2007-09-04 11:09 "atomic" 64-bit math on 32-bit ppc's? Matt Sealey
@ 2007-09-04 11:39 ` Gabriel Paubert
2007-09-04 12:31 ` Matt Sealey
2007-09-04 18:48 ` Scott Wood
0 siblings, 2 replies; 11+ messages in thread
From: Gabriel Paubert @ 2007-09-04 11:39 UTC (permalink / raw)
To: Matt Sealey; +Cc: ppc-dev
On Tue, Sep 04, 2007 at 12:09:22PM +0100, Matt Sealey wrote:
> Hi guys,
>
> Since this is a generic PPC coding question I figured I'd send it here.
> We're
> looking to make the small effort to get ZFS-FUSE working on PPC and there is
> a need (as is implemented on Solaris) for some 'atomic' math operations to
> ease multithreading in ZFS.
>
> The Solaris PPC code drop included most of these functions for 32-bit ops on
> 32-bit PPC architectures but the 64-bit operations are not present. What I
> a not clear on is the operation of lwarx and stwcx. and if they will work if
> you are doing operations on two words at a time.

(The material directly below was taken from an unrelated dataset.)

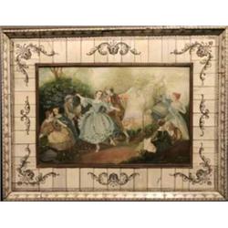 MINIATYRMÅLNING, SIGN. M DAWE ?, ROKOKOFIGURER I PASTORALT LANDSKAP, RAM I ELFENBEN MED DEKOR AV BLAD, 18/1900-TAL,16X24

No. There is a single reservation for a single word. You need to bracket
the 64 bit operations inside a spinlock on PPC32, and then select the
number /location of spinlock(s) based on your needs, from one global
per machine to one per 64 bit variable if you find excessive contention.
If you can limit yourself with 63 bit arithmetic (63, not 64) it is
possible to use one of the bits of the 64 bit value as a spinlock.
That's sometimes the best alternative (no additional fields in
structure) and it has the finest possible granularity.
>
> There has to be something somewhere that implemented these already (gcc??)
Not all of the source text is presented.